Now I was going through some texts and found that the problem of finding whether 2 sets are reducible or not is reducible to the sorting problem. This is very standard when studying the lower bounds of many algorithms.
Actual lines from the book DESIGN METHODS AND ANALYSIS OF ALGORITHMS
By S. K. BASU · 2013.
Here the author clearly states that set disjointedness is clearly Omega(nlogn)
#include <bits/stdc++.h>
using namespace std;
int main()
{
unordered_map<string,int>m;
int n,i;
cin>>n;
string a,b; // for storing numbers upto n^100
for(i=0;i<n;i++)
{
cin>>a;
m[a]=1;
}
for(i=0;i<n;i++)
{
cin>>b;
if(m[b])
{
cout<<"Not disjoint";
exit(0);
}
}
cout<<"Disjoint";
return 0;
}
Time complexity : O(n)
Auxiliary space : O(n)
You can radix sort the inputs, in base n.
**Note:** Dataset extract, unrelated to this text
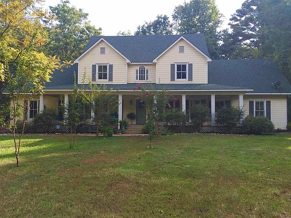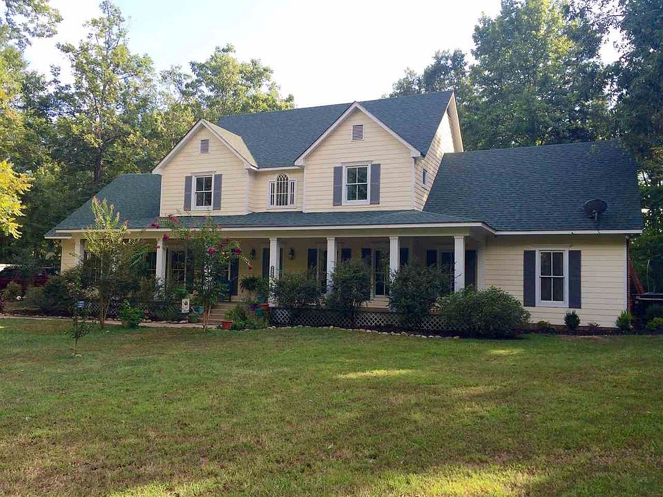 This beautifully situated custom built home has a water view of large pond, sitting amidst many mature hardwood trees on 5 acres and is in excellent condition. Newly repainted in most rooms, new architectural roof, AC units, tankless water heater, plumbing fixtures, and granite slab for kitchen countertops, island and bathroom counters. Master bedroom suite is downstairs with sitting area, a wall of 2 additional closets, TV cabinet and two other cabinets as well as built-in ironing board and 6 large drawers; large walk-in closet. The large master bath features two person jetted jacuzzi and large shower with rainhead faucet and slab granite bench, his/her sinks and a separate water closet. Formal living and dining rooms, family room and sunroom which sits off kitchen. Cook's kitchen with butler's pantry and double door pantry, with guest bathroom featuring pedestal sink and claw- footed antique tub. Glass doorknobs, 9 foot ceilings, beautiful crown molding throughout downstairs. Large Double car garage, 4 attic accessses-Storage galore. 4 large bedrooms upstairs plus a huge bonus room for office/exercise or play room. It has two built in computer desks with slide out keyboard trays and caninets, book cases and a 9 drawer built in filing cabinet. Upstairs bath newly renovated with granite, flooring and shower door. Click on picture of house to see additional photos.

This will take 101 iterations through each array (because the input numbers are in the range 0 to n^100).
Once you've sorted the inputs, you can compare them in the obvious way in O(n) time.
Note: for the radix sort to run in O(n) time, you need to check that extracting the k'th digit (base n) of an input number is O(1). You can do that with (k-1) divisions by n and a modulo operation. Since k is at most 101, this is O(1).
side note
I note that kennytm# gave a similar answer is 2010, but the answer was deleted after commenters noted that "Radix sort is O(nk) time, where n is the number of keys, and k is the average key length. Since the max key value is n^100, the max key length would be 100 log n. So, this would still be O(n log n), same as all of the best sorting algorithms."
Note that this comment is incorrect -- the maximum key length is 101, because the key is a sequence of numbers some base, and is not measured in bits.